TASK DESCRIPTION: Go through the listing below, and from the line containing "RVEs of MRE" through its last line, transcribe every line exactly, skipping pictures.

RECORDED INFORMATION:
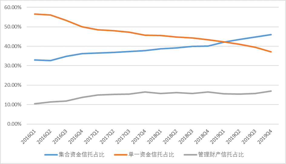 图2 2016Q1-2019Q4信托资产按来源分类趋势图
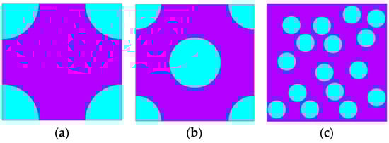 RVEs of MRE composites with (a) square, (b) hexagonal, and (c) random distributions of particles. The purple color represents the matrix, while the blue color represents the particles.
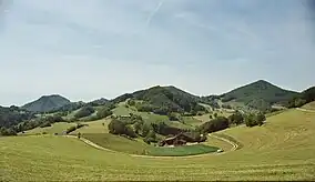Aargau Jura Park (Jurapark Aargau) is located north of Aarau, between the rivers Aare and Rhine, in the Swiss canton of Aargau. It straddles the border between Jura and Basel. It spans 241 square kilometres (93 sq mi) and reaches up to 350 metres (1,150 ft) above the valley floor.[1] The park is mainly located on the Jurassic Plateau, between Frick and Villigen, and also encompasses the Aargau Jura mountains and valleys. The northern area includes sparse pine forests, fruit orchards, rocky steppes, dry meadows and terraced vineyards, while the southern region fosters forests and wildlife.[2] It was declared a regional nature park of national importance in 2012 by the Federal Office for the Environment.

RESULT FOR THIS EXERCISE:
 RVEs of MRE composites with (a) square, (b) hexagonal, and (c) random distributions of particles. The purple color represents the matrix, while the blue color represents the particles.
Aargau Jura Park (Jurapark Aargau) is located north of Aarau, between the rivers Aare and Rhine, in the Swiss canton of Aargau. It straddles the border between Jura and Basel. It spans 241 square kilometres (93 sq mi) and reaches up to 350 metres (1,150 ft) above the valley floor.[1] The park is mainly located on the Jurassic Plateau, between Frick and Villigen, and also encompasses the Aargau Jura mountains and valleys. The northern area includes sparse pine forests, fruit orchards, rocky steppes, dry meadows and terraced vineyards, while the southern region fosters forests and wildlife.[2] It was declared a regional nature park of national importance in 2012 by the Federal Office for the Environment.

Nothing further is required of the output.